Sunday, March 22, 2020


As medical issues have become more salient, I've seen a lot more of one of the most dangerous equivocations, the conflation of 'triage' in the loose sense of 'a system for allocating medical treatment' and 'triage' in the strict and proper sense of 'the system of allocating medical treatment wholly on the basis of present medical need'. The latter is a normative and justificatory concept; if something is triage in this sense, it is justified by actually identified necessity, and there is no need for any further justification beyond that. That was the whole point when Larrey started the triage revolution. No longer would medical decisions be made on the basis of evaluating patient's lives or value to society; the one consideration became, "Can this person in need be healed, and what's required to do it?" No longer would some be given special preference over others; the one consideration became, "Does this person need help more urgently than that one?" Faced with a footsoldier and a general, if the general's condition could wait and the footsoldier's couldn't, the footsoldier got the preference, simply because of that. Let politicians play politics with people's lives, weighing them and prioritizing them according to abstract schemes of preferability; the doctors did medicine. There was a rectification of names and everyone benefited.

However, as is unfortunately common with ethical terms in the modern era, it is increasingly common for people advocating their own dubious approaches to allocating medical treatment to give those approaches cover by also calling them 'triage'. 'Triage' in this loose sense does not justify anything; but, of course, that's the sophistry of it -- by calling your scheme of distribution 'triage', even if it is entirely antithetical to triage itself, you can pretend that you require no further justification.
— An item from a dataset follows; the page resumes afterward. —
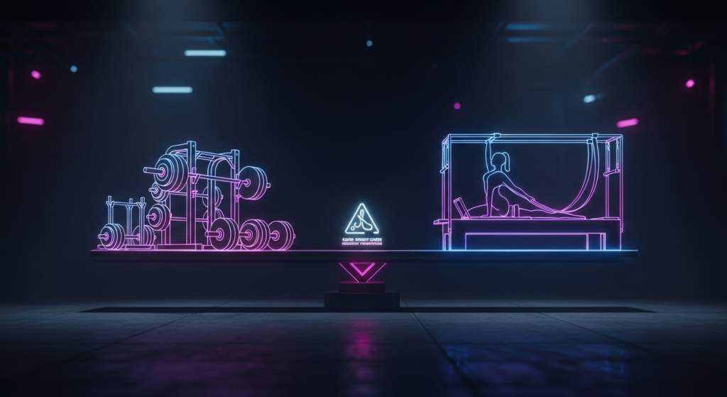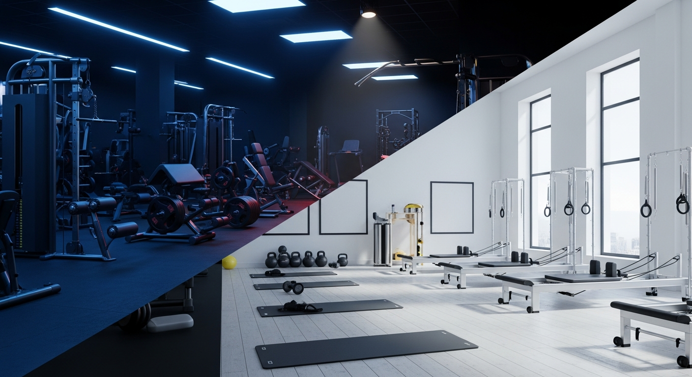 従来のジムは筋肥大に特化していますが、柔軟性や体幹を鍛えるプログラムは限られています。一方、ピラティス専門スタジオは体幹や姿勢改善に優れていますが、大きな筋肉を効率的に鍛えるには不向きです。

You can pretend, as some Italian doctors recently have, that scarcity of resources means you can deny the elderly medicine that can heal them, medicine that they might need more than a younger person with a stronger immune system, because it's a 'triage situation'. It's as morally odious as claiming that it's OK for police to go into the bank with guns blazing because it's a 'hostage negotiation'. The situation may be an emergency, but the proposed solution is neither necessary nor even appropriate for that situation.

In any case, here are some comments I made in 2012 in response to some similar sophistry.


The entire point of triage is that only need is considered. Triage systems were originally developed in a military context when field doctors started giving medical treatment not on the basis of rank but on the basis of need, as determined by purely medical criteria. This is what genuine triage is: it is a system, operating under a scarcity of resources significant enough to require careful discrimination of who actually receives those resources (most clearly in emergency or disaster, but resources do not necessarily have to be anywhere near that scarce to become an issue), where distribution of those resources is done purely on the basis of actual medical need according to established principles that only consider medical issues. Remember, it has always been the case that doctors have had to make hard choices based on scarce resources. Actual triage systems only developed when the principles governing those choices were no longer official rank, social status, subjective assessment, or any other nonmedical criterion. We can call those other resource-management systems 'triage' in a loose sense, but they are radically different for moral purposes, and cannot all be lumped together as if the justification for one were justification for another. Just as genuine triage management cannot, by its nature, be indiscriminate in the use of medical resources, so it cannot, by its nature, take into account anything other than medical need. And precisely the reason why triage is an important ethical as well as medical concept is that it operates in conditions of necessity according to principles wholly geared to dealing with the necessity; it's the medical necessity, and the proportion of means to the end of dealing with that particular necessity, that justifies triage decisions.